ROGER CHALLOU. OVVERO: DIO LO VUOLE!

Mio sogno nella notte lunedì-martedì:
verso le quattro mi sono levato per annotare ciò che me ne restava:

Roger Challou
homme de paille

Quanto a Roger Challou mi sono consultato con l’onniscienza di Dio-Google, ora riassumo il risultato delle mie ricerche incrociate (tutti possono riprodurle), a partire dalla certezza che mai ho avuto a che fare con uno Challou, tantomeno con un Roger Challou, salvo ammettere facilmente che, come accade a ognuno in ogni paese, posso avere udito o letto questo cognome qualunque tra centinaia di cognomi qualunque (come Smith, non come John Doe che, nella sua qualunquità, ha acquisito un significato definito).

Ho portato a termine l’analisi di questo sogno conversandone, dopo averci lavorato non poco, con Raffaella Colombo:
alla quale ho poi detto, scherzando sul serio, che non le avrei pagato la seduta, non per tirare sul prezzo ma perché siamo ambedue nell’analisi infinita.

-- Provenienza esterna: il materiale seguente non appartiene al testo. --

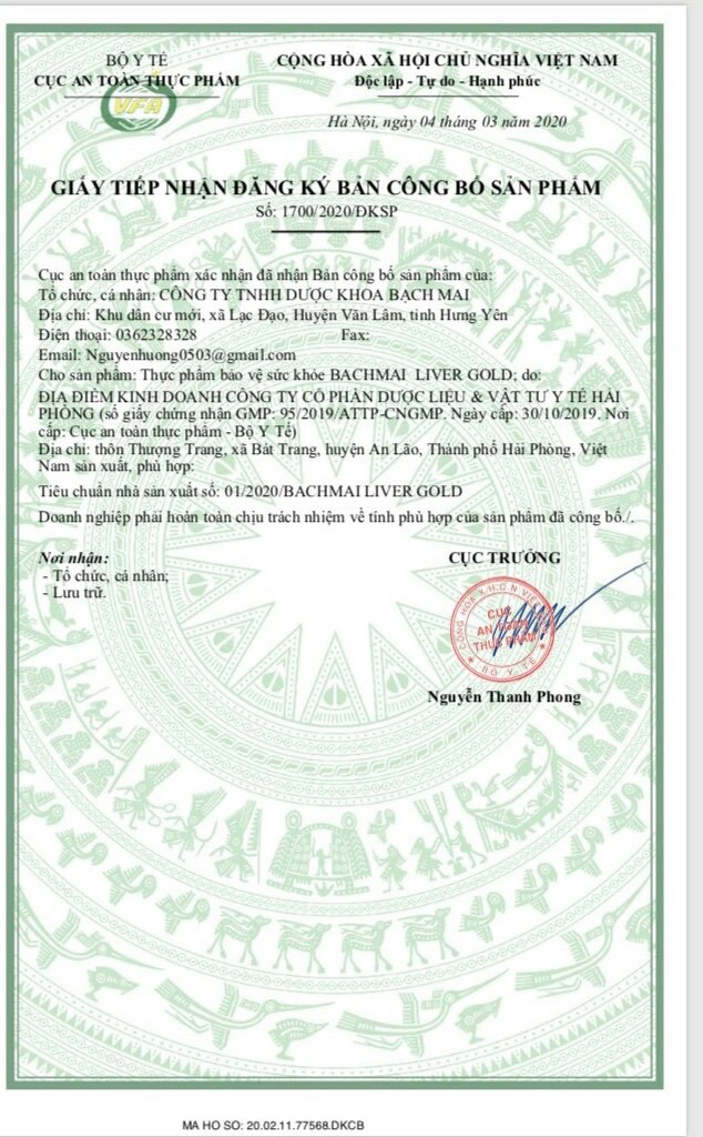 CÔNG TY TNHH DƯỢC KHOA BẠCH MAI chịu trách nhiệm sản phẩm
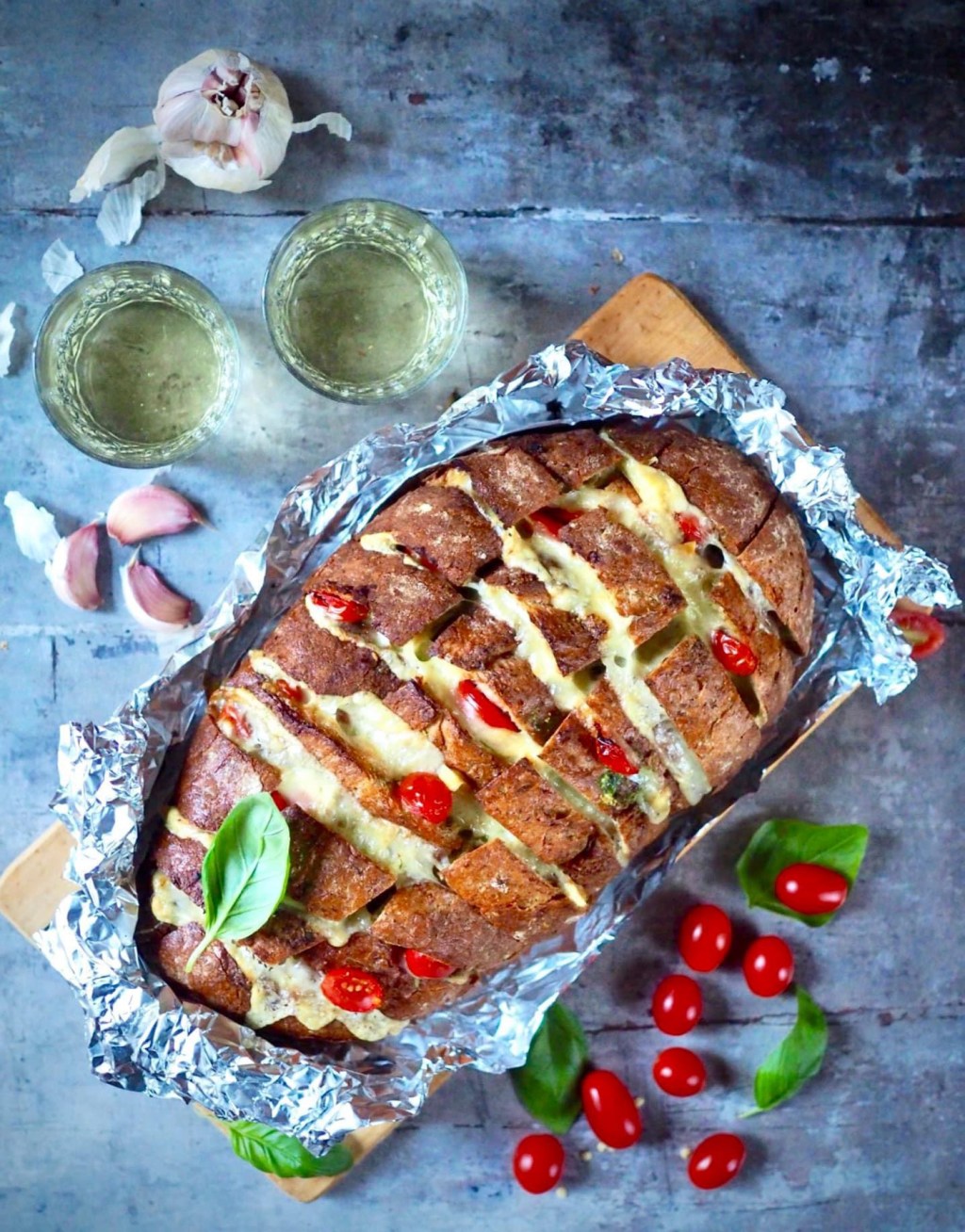 Kääri leipä folioon ja kypsennä sitä ensin 8 minuuttia 200-asteisessa uunissa. Avaa folio ja jatka kypsentämistä kunnes juusto sulaa ja saa hieman väriä, noin 12-15 minuuttia.

In breve, homme de paille, notabene in francese
– in italiano “uomo di paglia” ne deforma il significato dopo il film “Uomo di paglia” di P. Germi del 1958, molto contestato dal PCI secondo me a ragione -,
designa il prestanome, a ogni uso anzitutto legittimo (ci sono anche gli usi illegittimi):
significa che il titolare agisce sotto altro nome, appunto prestatogli.

La casistica del prestanome è più varia di quanto si creda, aldilà di quella affaristica corrente:
un caso è quello del genitore che presta il nome ai figli, a più effetti, senza che vi sia da ridire:
ci sarebbe da ridire se credesse (e spesso lo crede) che sia questo a fare il figlio, ossia l’erede;
lì per lì, benché obtorto collo, anche l’analista è prestanome agli effetti di conclusioni assunte come proprie, a fronte della patologia che è il compromesso dell’io minacciato contro l’assumersi la titolarità del suo atto (anzitutto linguistico):
la guarigione inizia dal riconoscersi titolare del proprio compromesso, senza più analista come homme de paille che gli presta questa conclusione.

Ero obtorto collo già all’inizio della mia carriera di analista (più di tre decenni fa), allorché decidevo di non seguire tanti analisti più anziani che in seduta si isolavano fino a non ricevere telefonate (interiorità a due, brrr!):
si volevano homme de paille a vita, della propria come di quella dei propri clienti.

Da un secolo abbiamo voluto anche Freud come homme de paille a vita:
ma non lo è perché, titolare del pensiero di cui è stato amico, lo sono anch’io in subordine insieme a lui allo stesso pensiero:
Freud mi precede nell’essere stato il primo, e nel riconoscerlo tale sono più solido nella titolarità di quel pensiero che precede sia Freud che me.

Ma il tema è antico:
“Freud lo vuole!” è lo stesso che “Dio lo vuole!”:
Dieu de paille:
posto che esista, anche lui è obtorto collo.